Monday, August 15, 2016


I had decided not to watch this new HBO series, THE NIGHT OF, because the ads made it look too dark, both mode wise and lighting, and that's not what I'm looking for in entertainment these days. Well, it's not the darkness I mind as much as the cynicism and easy use of violence, usually against women, that seem to make all crime procedurals similarly negative.

But, I was out to dinner with friends and they were all raving about THE NIGHT OF so I binge watched the first five episodes and caught the sixth last night. And, indeed, it is bleak and cynical and even somewhat contrived in its portrayal of the "dark realities" of life and death as seen through the prism of cops, court officers, prison guards, prisoners and "civilians."
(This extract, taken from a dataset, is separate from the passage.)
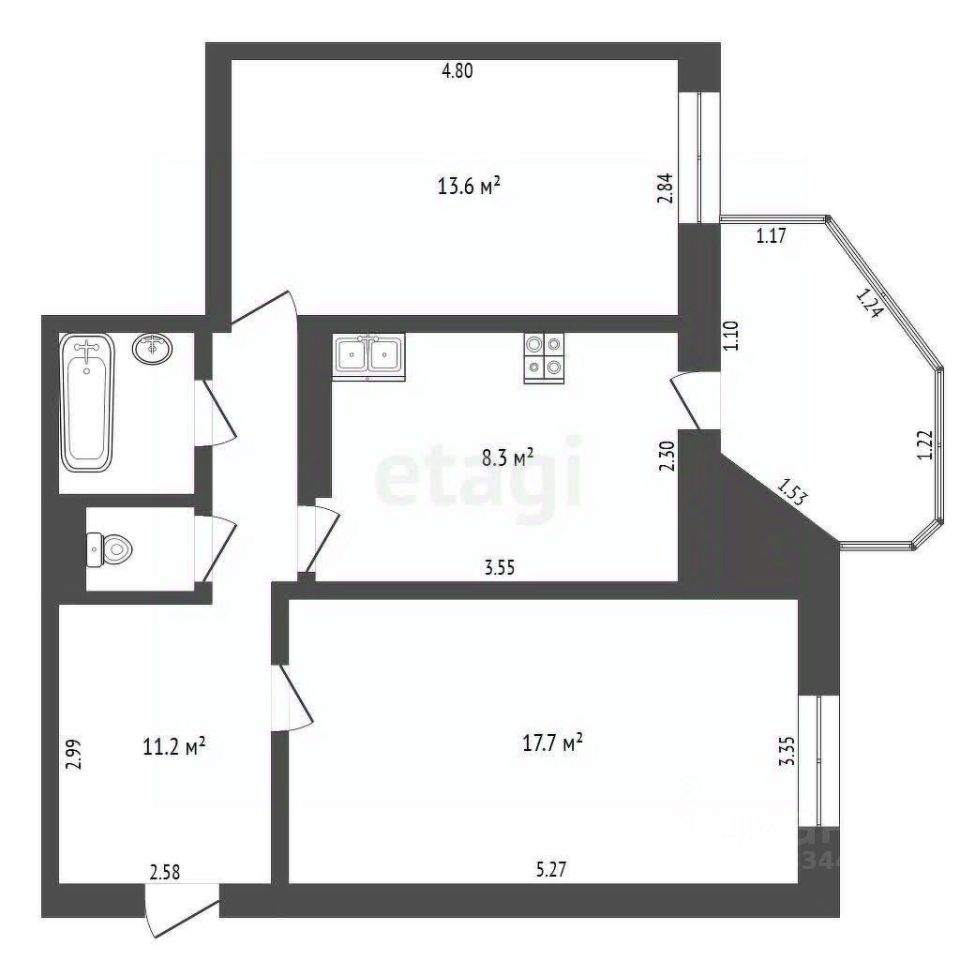- Комфортная 2-комнатная квартира площадью 54 м²
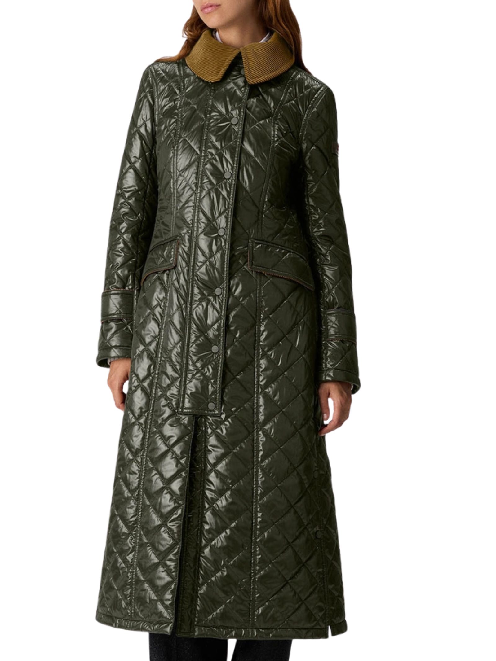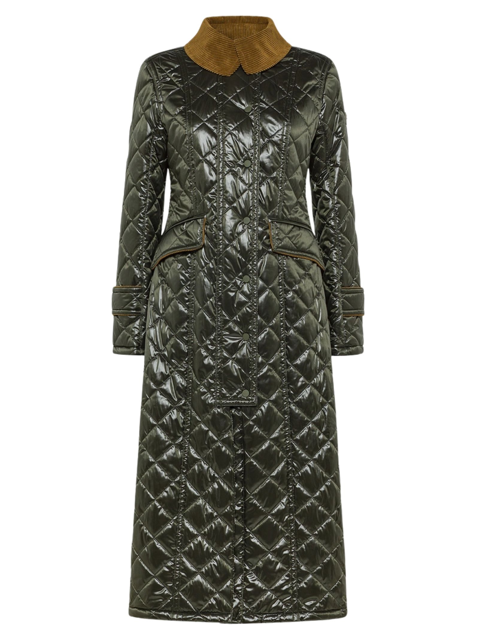 Cappotto trapuntato lungo in tela di nylon con tessuto di un effetto lucido e cangiante, unito a una mano. Colletto in velluto a costine, in contrasto colore, aggiunge una nota rétro sofisticata. La zip centrale è nascosta da una patta con bottoni. Novità di stagione della linea Countryside, che rivisita i classici britannici con una visione moderna e femminile.

There's inconstancies that I'm assuming are meant to misdirect viewers and keep some mystery going despite the often predictable plot points. But there are also some sparks in the writing and the characters from creator Richard Price and director and co-writer Steven Zallian. And enough good acting to keep me coming back, so far, though the add-water-for-instant-thug transition of the lead, played terrifically by Riz Ahmed, almost makes me want to drop out.

John Torturo is the real star as an obviously-brilliant-but-nonetheless-low-end-bargain-basement defense attorney (a role initially intended for James Gandolfini before he passed) whose character's quirkiness is almost tiresomely quirky for me, but he manages to pull it off with his usual artistry. Along with Michael Kenneth Williams (best known to most of us for the perfection of his performance as Omar on THE WIRE) whose artistry also makes the most of the thankless role of the violent thug, again, playing second fiddle to drug paraphernalia and other prison bad guy props and bursts of violence and/or calculated coldness.

But it's the actors in the minor roles that are compelling me to keep watching, like Jeannie Berlin as the prosecutor, an Emmy deserving performance to my mind, and Amara Karan as a novice defense attorney, and Sofia Black-D'Elia in what almost amounts to a cameo but an incredibly memorable one. And Poorna Jagannathan as the accused's mother (one of our most versatile and skilled film actors, or actresses if you still prefer that separating term). And others.

So, I'll tune in next Sunday while hoping it lightens up on the now tired cable TV fascination with bloody violence, drug rituals, and the dark at the end of the tunnel.